In the case of the Big Endian data bus, when the address is divided by 4 and '0' or '1' remains, both the variable data bus elements 14c and 23c and the 32-bit peripheral elements 13 and 22 are D [31:16]. The data will be loaded in, so it is connected as is. However, when '2' or '3' is divided by the address 4, the variable data bus elements 14c and 23c carry data at D [31:16], whereas the 32-bit peripheral elements 4c and 23c have D [ 15: 0], the data is loaded, so change the position of the data.

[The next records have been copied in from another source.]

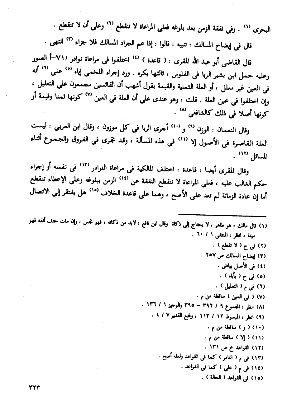 قال القاضى أبو عبد الله المقرى: (قاعدة) اختلفوا فى مراعاة نوادر /71 - أالصور وعليه حمل ابن بشير الربا فى الفلوس، ثالثها يكره. ورد إجرء اللخمى إياه على أنه فى العين غير معلل، أو العلة الثمنية والقيمة بقول أشهب أن القائسين مجمعون على التعليل، وإن اختلفوا فى عين العلة. قلت: وهو عندى على أن العلة فى العين كونها ثمنا وقيمة أو كونها أصلا قى ذلك كالشافعى.
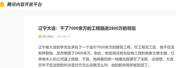 辽宁省大连的李先生承包了一个造价7000余万的建筑工程,在工程完工后,他不仅没有挣到钱,反而倒搭了2800余万。到此,他觉得这转包给他工程的商家太黑太狠,已将他本人和公司逼上绝路,于是,他将最后的一线曙光指望在了法院,没成想,大连甘井子区法院的判决是对方怎么说就怎么判,他的起诉竟然被驳回了。
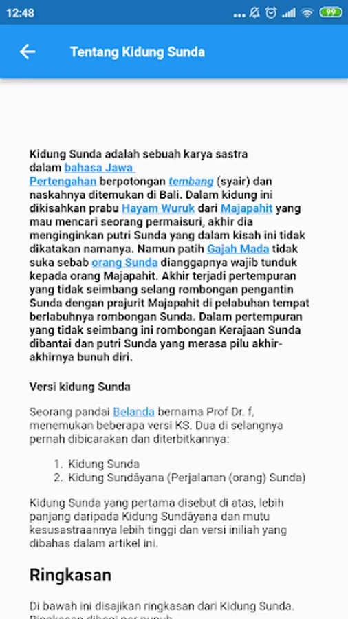 Kidung Sunda is a literary work in the Middle Javanese language in the form of a song (poem) and the script is found in Bali. In this song, it is narrated that King Hayam Wuruk of Majapahit wanted to find an empress, then he wanted a Sundanese princess whose name is not mentioned in this story. However, the governor of Gajah Mada did not like it because he considered the Sundanese to submit to the Majapahit people. Then there was an unequal battle between the Sundanese bridal group and the Majapahit soldiers at the port where the Sundanese group was anchored. In this unequal battle, the Sunda Kingdom group was massacred and the Sundanese princess joined the war and died in the war.
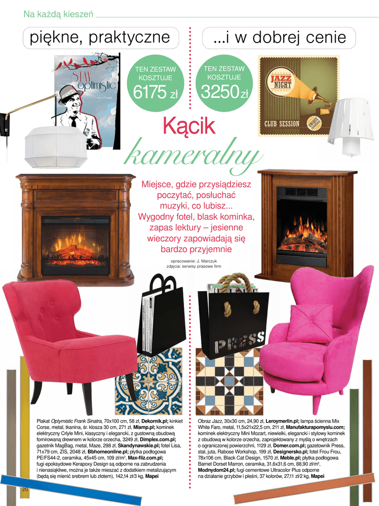 Na każdą kieszeń piękne, praktyczne TEN ZESTAW KOSZTUJE 6175 zł …i w dobrej cenie TEN ZESTAW KOSZTUJE 3250zł Kącik kameralny Miejsce, gdzie przysiądziesz poczytać, posłuchać muzyki, co lubisz... Wygodny fotel, blask kominka, zapas lektury – jesienne wieczory zapowiadają się bardzo przyjemnie opracowanie: J. Marczuk zdjęcia: serwisy prasowe firm Plakat Optymistic Frank Sinatra, 70x100 cm, 58 zł, Dekornik.pl; kinkiet Corse, metal, tkanina, śr. klosza 30 cm, 271 zł, Mlamp.pl; kominek elektryczny Crlyle Mini, klasyczny i elegancki, z gustowną obudową fornirowaną drewnem w kolorze orzecha, 3249 zł, Dimplex.com.pl; gazetnik MagBag, metal, Maze, 298 zł, Skandynawskie.pl; fotel Lisa, 71x79 cm, ZIS, 2048 zł, Bbhomeonline.pl; płytka podłogowa PE/FS44-2, ceramika, 45x45 cm, 109 zł/m2, Max-fliz.com.pl; fugi epoksydowe Kerapoxy Design są odporne na zabrudzenia i nienasiąkliwe, można je także mieszać z dodatkiem metalizującym (będą się mienić srebrem lub złotem), 142,14 zł/3 kg, Mapei 20 Obraz Jazz, 30x30 cm, 24,90 zł, Leroymerlin.pl; lampa ścienna Mix White Faro, metal, 11,5x21x22,5 cm, 211 zł, Manufakturapomyslu.com; kominek elektryczny Mini Mozart, niewielki, elegancki i stylowy kominek z obudową w kolorze orzecha, zaprojektowany z myślą o wnętrzach o ograniczonej powierzchni, 1129 zł, Domer.com.pl; gazetownik Press, stal, juta, Rabose Workshop, 199 zł, Designersko.pl; fotel Frou Frou, 78x106 cm, Black Cat Design, 1570 zł, Meble.pl; płytka podłogowa Barnet Dorset Marron, ceramika, 31,6x31,6 cm, 88,90 zł/m2, Modnydom24.pl; fugi cementowe Ultracolor Plus odporne na działanie grzybów i pleśni, 37 kolorów, 27,11 zł/2 kg, Mapei
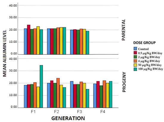 Regarding total protein levels (Figure 4), noteworthy results were obtained in F3, in which there was a significant decrease with respect to the control group in serum total protein levels in the group whose mothers were exposed to the highest dose of BPA. As can be seen in Figure 5, the serum albumin levels in the case of the offspring show a marked decrease in the case of the F2 and F3 individuals, with respect to the controls of the individuals whose parents were exposed to the highest doses of BPA. The F4 animals did not behave similarly, since it was the only group (2 µg/kg BW/day) presenting serum albumin levels below the control group. The reduction in TOT PROT in the highest levels of exposure doses could be due to liver damage. It could be useful to evaluate the liver in future studies, using histological and oxidative stress tests to investigate the effects of BPA on this tissue at different exposure dose levels in the different generations studied.

Accordingly, the present invention provides the central processing unit 10, 20 so that 8-bit, 16-bit, 32-bit peripherals 14a, 14b, 23a, 23b can be connected to the 32-bit central processing unit 10, 20 with a continuous address. ) And PLDs 12 and 21 between the peripheral elements 14a, 14b, 23a, and 23b, and the PLDs 12 and 21 are assigned to the corresponding address and data buses of the elements 14a, 14b, 23a, and 23b. It is programmed according to the size.

The bidirectional dynamic bus sizing device of the present invention configured as described above is designed by adding a bus sizing function to the PLD to connect a 32-bit memory device to a continuous address between the central processing unit and each device having a different data bus size. Direct connection to a 32-bit central processing unit can reduce data transfer time and improve system performance.

Claims (3)

To control and manage the entire system and perform data operation and logic operation, and to store information such as numerical values and commands necessary for operation and logic operation of the central processing unit having a data bus of constant size. Programmable to generate the device selection and control logic while performing a bus sizing function to convert the size of the data bus in both directions to connect the memory device and the central processing unit with a memory device having a constant size data bus Bidirectional dynamic bus sizing apparatus, comprising a logic device (PLD). The method of claim 1, And the PLD uses a plurality of bidirectional latches. The method of claim 2, And the PLD generates and outputs a logic signal controlling a plurality of bidirectional latches.